Верзила недосягаемо посиживал в теплой кухне, ужинал, а он, Яша, напаренный в бане, стоял перед окнами его квартиры и гнулся от порывов вьюги, наверняка простуживаясь. У верзилы же теплый свет в окне, тот самый свет, что нынче утром, обмораживаясь и страдая, наладил, послал городу он, Яша, со своим помощником Петей Климовым.
«Рогатку бы сейчас…» — вдруг осенила его дерзкая, но такая сладкая своей мальчишеской лихостью мысль, что он даже ощупал карманы, затем присел и стал искать в снегу какое-либо орудие. Под рукой ничего, кроме снега, не оказалось, и Яша пошел вдоль дома к чернеющему забору.

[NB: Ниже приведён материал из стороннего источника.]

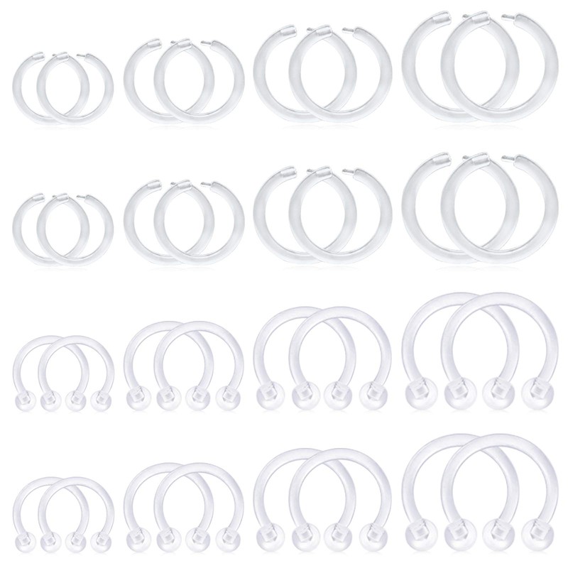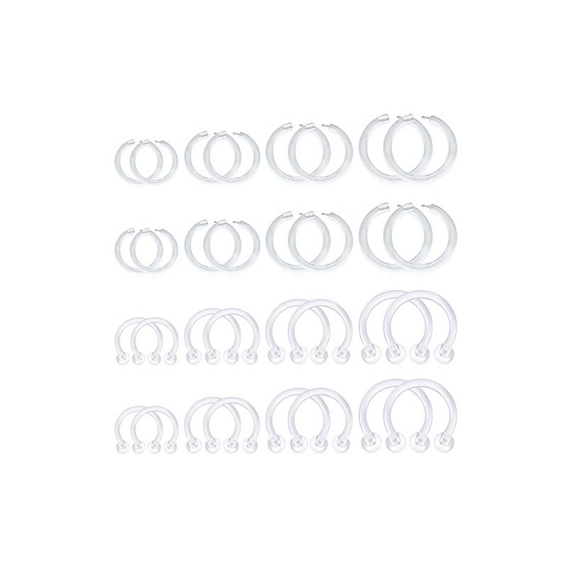 - [Total 32pcs] * 16pcs horseshoe hoop retainer, * 16pcs clear clicker rings

Он шагал и вертел головой, стараясь немедля найти что-либо: камень, палку… В груди засаднило что-то неловкое, стыдливое, позвало остановиться, махнуть на все… Но гнева в Яше клокотало столько, сколько его могло скопиться лишь в большом сердце негневливого от природы человека.
Ничего подходящего в руки ему так и не попалось, и эта досадная задержка разжигала особо алчное нетерпение скорейшей расплаты с верзилой. Возле водоколонки, торчащей из снега черным вопросительным знаком, он наткнулся на кучу колотого льда, схватил два увесистых куска. Возвращаясь к пятиэтажке, он утоленно уже воображал, как звезданет сейчас по стеклам, как через пробоину ворвется в квартиру ветер, как испуганно кинется верзила затыкать тряпьем окно. «Пусть попробует морозца, толсторожий, узнает, как мне тут сейчас шибко жарко… до жидких соплей, как собачка коченела…» — стуча зубами, думал Яша. Он отыскал балкон и оранжево светящееся окно и стал примериваться для броска: не промахнуться, не угодить бы в соседнее, чужое окно.
Тут вспыхнул свет в остальных окнах квартиры. Он был такой яркий, такой живой этот электрический свет… Его, Яшин свет!..
И Яша нехотя опустил воинственную руку, разжал ладонь. Ледяной кругляш скользнул в снег. Яша поднял сумку со своим банным бельишком и неприкаянно прошелся туда-сюда по двору, так легко, безболезненно и внезапно вдруг обезоруженный. Уходить не хотелось, но и коченеть на морозе теперь тоже было ни к чему.
С тягостным ощущением досады, неловкости, конфуза он представил, какими слезными упреками встретит его, до крови избитого, Лиза, как кинется с расспросами и, разузнав все, затрясет над ним своими маленькими, красивыми, воинственно-беспомощными кулачками, как выдавит со стоном и горестным восторгом: «Э-эх ты… Гер-рой!», как удалится потом от него «бесчувственного издевателя» куда-нибудь… в спальню и, закрывшись, беззвучно проплачет там целую вечность. И Яше, как всегда, станет жалко ее и себя… Обидно и нехорошо ему слышать от Лизы это слово, исковерканное дрожащим «р» в середине. От этого дрожания оно перестает быть добрым, большим, похвальным. И уж вдвойне обидно, когда этим же передернутым словом укорно стеганул его верзила.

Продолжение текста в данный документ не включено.